**WORK INSTRUCTION**:
The entries below contain pictures, which are to be left out; write out exactly, and only, the lines from the line with "SXPの価格は過去24時間で" up to and including the line with "Dieser atemberaubende Leinwanddruck".

**DATA TO USE**:

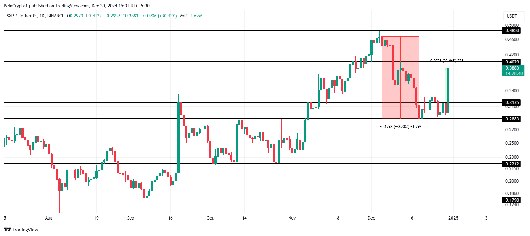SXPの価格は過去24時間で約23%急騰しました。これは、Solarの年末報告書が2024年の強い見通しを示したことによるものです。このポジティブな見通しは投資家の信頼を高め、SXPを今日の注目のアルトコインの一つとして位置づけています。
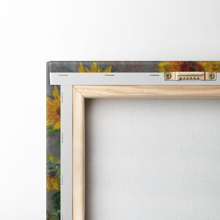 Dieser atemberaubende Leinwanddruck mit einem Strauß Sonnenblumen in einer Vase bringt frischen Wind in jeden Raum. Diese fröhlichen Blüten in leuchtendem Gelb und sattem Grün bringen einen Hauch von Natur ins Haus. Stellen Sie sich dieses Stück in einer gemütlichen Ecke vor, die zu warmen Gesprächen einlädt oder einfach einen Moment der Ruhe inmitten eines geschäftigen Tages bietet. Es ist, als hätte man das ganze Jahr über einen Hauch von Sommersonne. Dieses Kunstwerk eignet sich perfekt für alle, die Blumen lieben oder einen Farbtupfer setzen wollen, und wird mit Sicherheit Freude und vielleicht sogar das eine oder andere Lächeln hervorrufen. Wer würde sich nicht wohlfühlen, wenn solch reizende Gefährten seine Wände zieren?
==
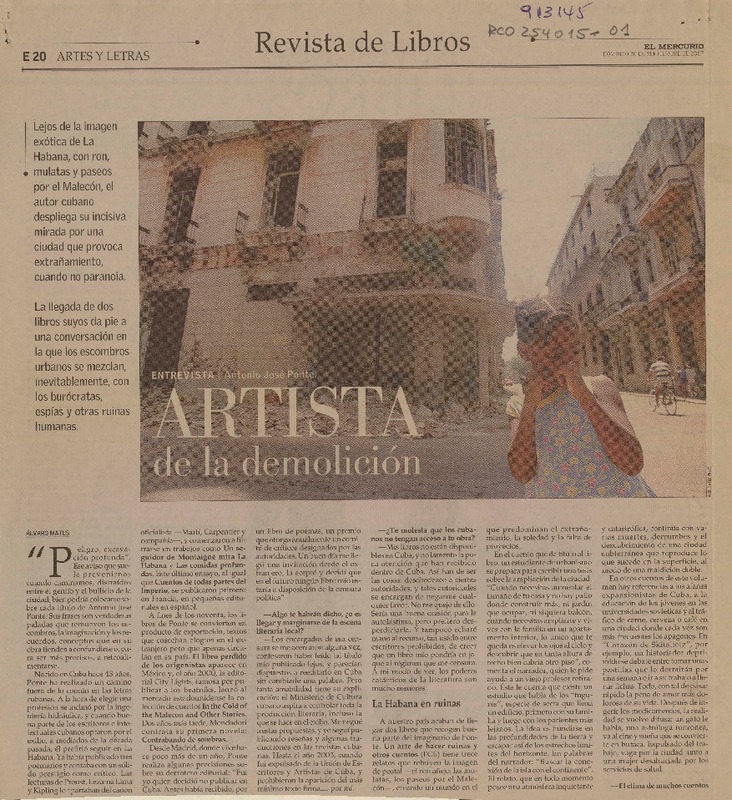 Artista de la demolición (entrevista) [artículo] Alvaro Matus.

**SOLUTION TO THE PROBLEM**:
SXPの価格は過去24時間で約23%急騰しました。これは、Solarの年末報告書が2024年の強い見通しを示したことによるものです。このポジティブな見通しは投資家の信頼を高め、SXPを今日の注目のアルトコインの一つとして位置づけています。
 Dieser atemberaubende Leinwanddruck mit einem Strauß Sonnenblumen in einer Vase bringt frischen Wind in jeden Raum. Diese fröhlichen Blüten in leuchtendem Gelb und sattem Grün bringen einen Hauch von Natur ins Haus. Stellen Sie sich dieses Stück in einer gemütlichen Ecke vor, die zu warmen Gesprächen einlädt oder einfach einen Moment der Ruhe inmitten eines geschäftigen Tages bietet. Es ist, als hätte man das ganze Jahr über einen Hauch von Sommersonne. Dieses Kunstwerk eignet sich perfekt für alle, die Blumen lieben oder einen Farbtupfer setzen wollen, und wird mit Sicherheit Freude und vielleicht sogar das eine oder andere Lächeln hervorrufen. Wer würde sich nicht wohlfühlen, wenn solch reizende Gefährten seine Wände zieren?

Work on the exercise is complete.